Виктор Ремизов
Воля вольная
Генка распутал веревку, завязал за вбитый кол, натянул, надежно ли, и пошел к лодке. Старая разбитая «обяшка» покачивалась у берега. На носу высокой рыжей кучей веревок и поплавков громоздился невод. Гремя пустыми бортами, вставил весла и кормой вперед неторопливо погреб на струю. Невод широко пополз с носа, зашуршал-забренчал о край, груза с хлюпаньем и брызгами падали в воду. Утреннее солнце как раз выглянуло из-за горы и начало пригревать. Налипший на стланях ледок мокро топился в лужицы.
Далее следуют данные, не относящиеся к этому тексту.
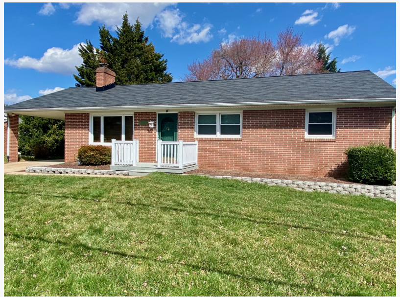
703 S. Fountain Green Rd., Bel Air, MD 21015

Не спешил, легко опускал в прозрачную воду грубо тесаные листвяжные весла, и время от времени оборачивался за спину — держался края течения, обметывая яму. Весь август так вот рыбачили они с сыном… Генке тогда как будто все равно было — много там рыбы, мало. Заводили, вытягивали на мелководье, Мишка заходил в невод, выбирал отчаянно бьющихся пузатых самок и бросал на берег отцу, а он, зажав дымящуюся сигарету углом рта, прищурившись и наклонив голову набок, вспарывал мягкое, тонкое понизу серебряное брюхо. Нежные, фиолетово-мясные ястыки[1] бросал в таз, рыбу в воду. Уже безвольную и едва шевелящуюся ее уносило течением.
Но то было в августе, недалеко от поселка и ради денег. Сейчас Генка ловил у себя на участке, в своей речке и не на икру, а рыбу на промысел. Ему важно было, что он там зацепил, и он нет-нет, косил глаза. Веревка, привязанная за нос, тяжело натянулась. Дуга светлых пенопластовых поплавков напряженно плясала по рябой зелени воды, как раз охватывая все улово[2]. Генка налег на весла, круто заворачивая к берегу.
В сужающемся овале невода метались темные спины. Уйти можно было только через верхний урез, через поплавки, но для этого надо было подняться и показать себя, и как раз этого рыбы боялись, и продолжали тупо рваться сквозь прочную ячею. Перескакивали самые отчаянные, но таких находилось немного. Остальные, вся разноперая ватага — серебряно-розовые гольцы, полосатая тяжелая кета, обитатели чистых ключей вольняшки-хариусы — перепуганной толпой упирались в мотню и держали невод, помогая рыбаку маятником сваливаться к берегу и окружать самих себя.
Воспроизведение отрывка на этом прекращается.